Last Update: 19:34
Liquidity in the Greek economy has reached new lows as banks are unable to reduce bad loans that have reached 105 billion euros.
According to the Bank of Greece, bank lending in the first months of the year has fallen to the lowest levels in recent years.
In May, loans were limited to 8.5 billion euros, compared with 9.6 billion in the same month last year and 11 billion in May 2015.
As noted by the Bank of Greece, the high non-performing loan portfolio limits the provision of credit, delays the restructuring of enterprises and undermines the ability of viable companies to finance new investment plans.
According to a report in Greek daily Kathimerini, a targeted policy of reducing bad loans could boost credit expansion by more than 11% over the next three years, even if all other parameters remained stable.
According to a Bank of Greece survey, the rate of increase in demand for new loans in the second quarter of the year remained close or below 3%, both by businesses and households, while it is expected to remain the same for the third quarter.
The 3% increase in credit demand is regarded as a benchmark.
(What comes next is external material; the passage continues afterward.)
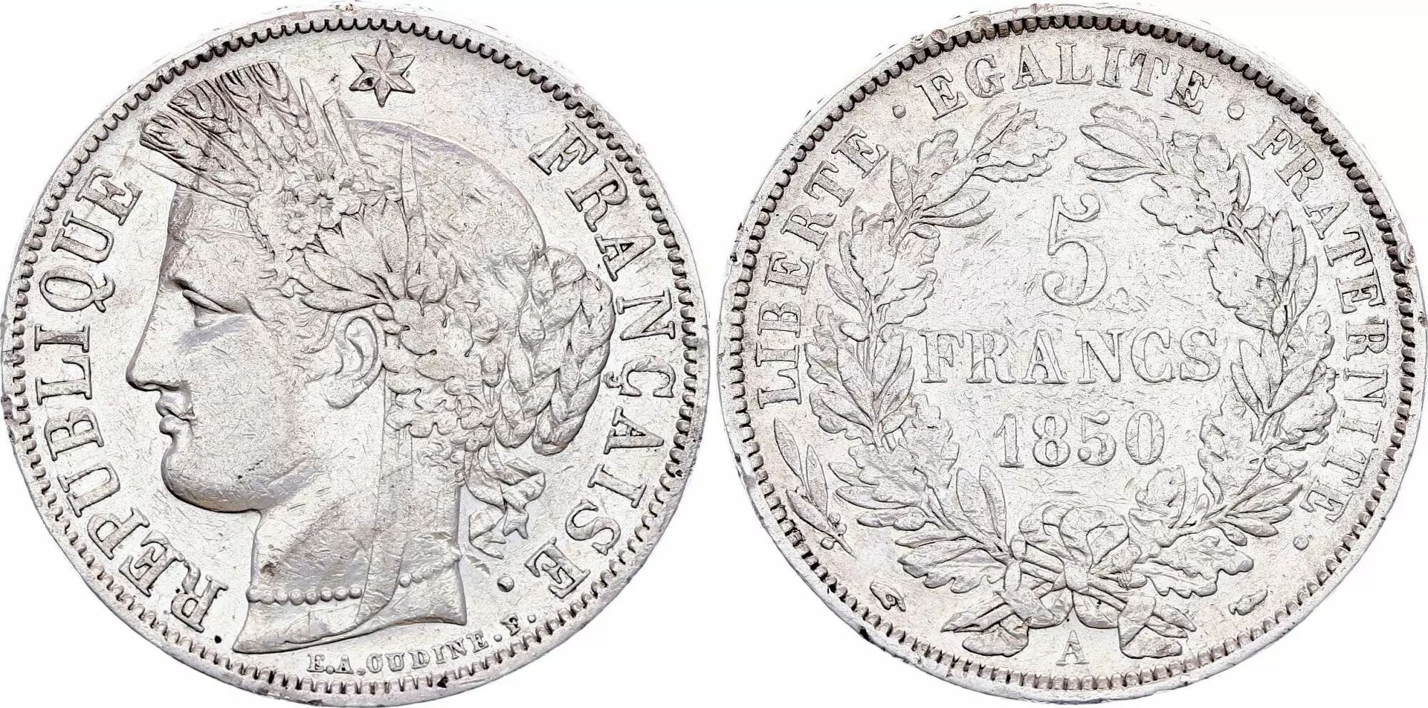 Pièce France 5 Francs Cérès - 1850 A Paris - Argent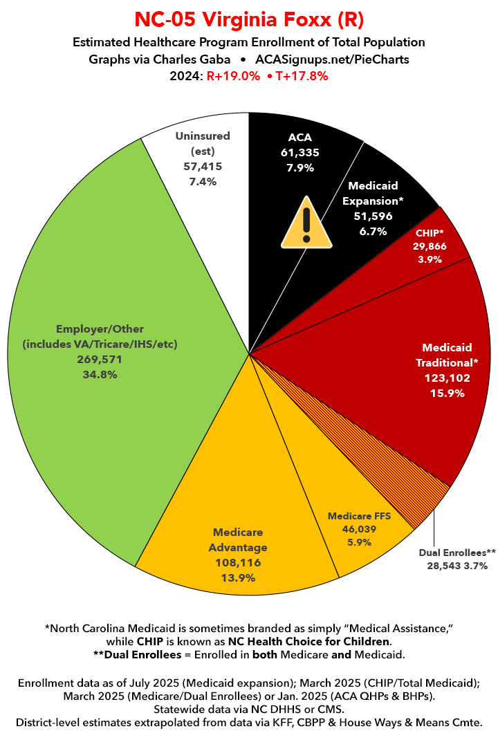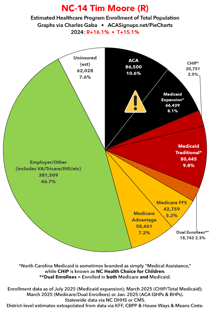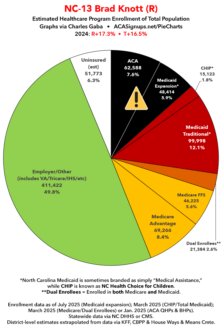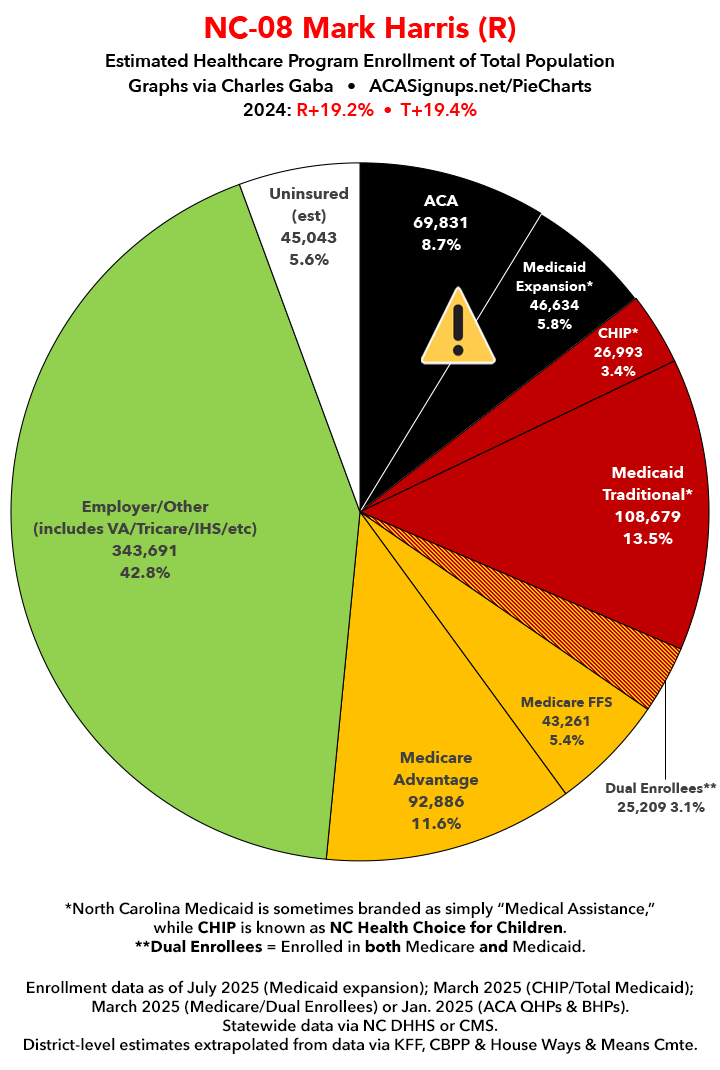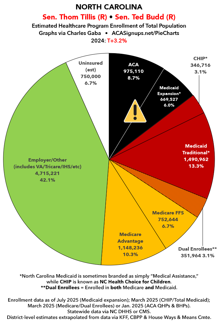 UPDATE 7/9/25: I've updated the web versions of the graphics with the most up-to-date enrollment data I have access to. The black sections w/the ⚠️ symbol are those most at risk of losing healthcare coverage due to H.R. 1, the "One Big Beautiful Bill Act" (aka the #MAGAMurderBill).

Demand that increases by less than 3% implies stricter loan eligibility criteria and reduced demand, while an average of more than 3% implies looser loan criteria and increased demand.
The survey is carried out by the national central banks in co-operation with the ECB in all euro area countries and the results of their respective surveys show that the demand for funding in the other eurozone countries is upward, assisted by the loose monetary policy implemented by the ECB.